PROVIDED MATERIAL.
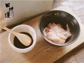 鸡胸肉切成薄片,加上生粉、盐和适量油,腌一会。
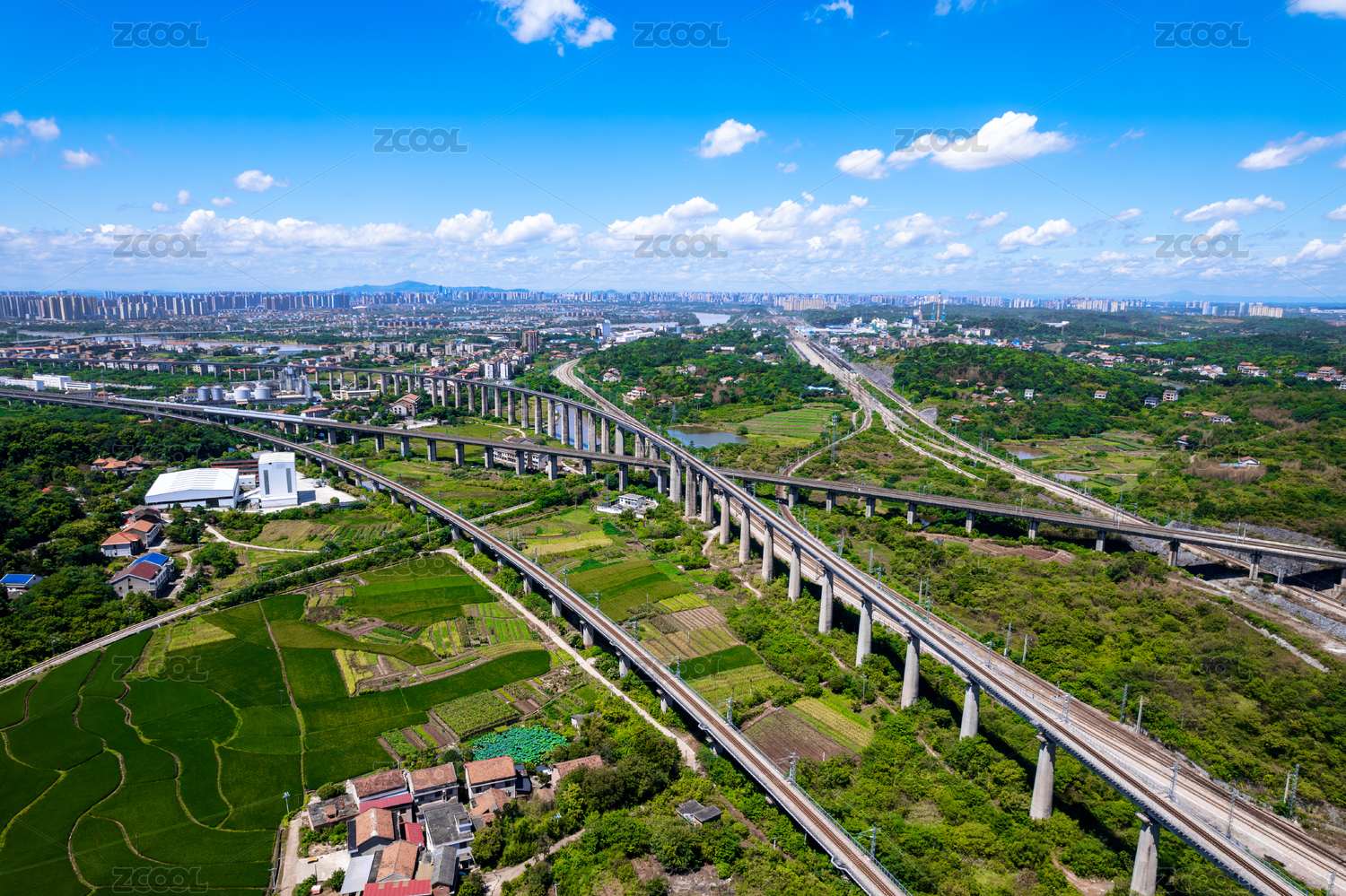 中国湖南衡阳轨道交通高架枢纽交汇航拍
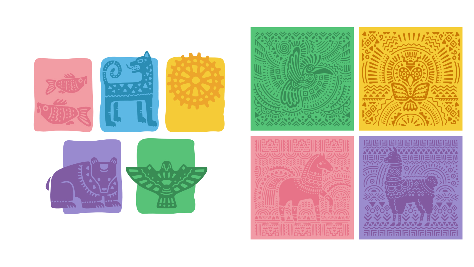 Мы использовали этот пласт искусства в современном ключе — превращая древние мотивы в яркие, динамичные композиции. Перенесли силуэты, главные образы и орнаменты в современные графические изображения в минималистичном стиле, составили цельные ритмичные композиции и использовали однотонные цвета для паттернов.

PROBLEM TO WORK ON.
Write out the material above exactly. Skip the pictures.

ANSWER TO THIS PROBLEM.
 鸡胸肉切成薄片,加上生粉、盐和适量油,腌一会。
 中国湖南衡阳轨道交通高架枢纽交汇航拍
 Мы использовали этот пласт искусства в современном ключе — превращая древние мотивы в яркие, динамичные композиции. Перенесли силуэты, главные образы и орнаменты в современные графические изображения в минималистичном стиле, составили цельные ритмичные композиции и использовали однотонные цвета для паттернов.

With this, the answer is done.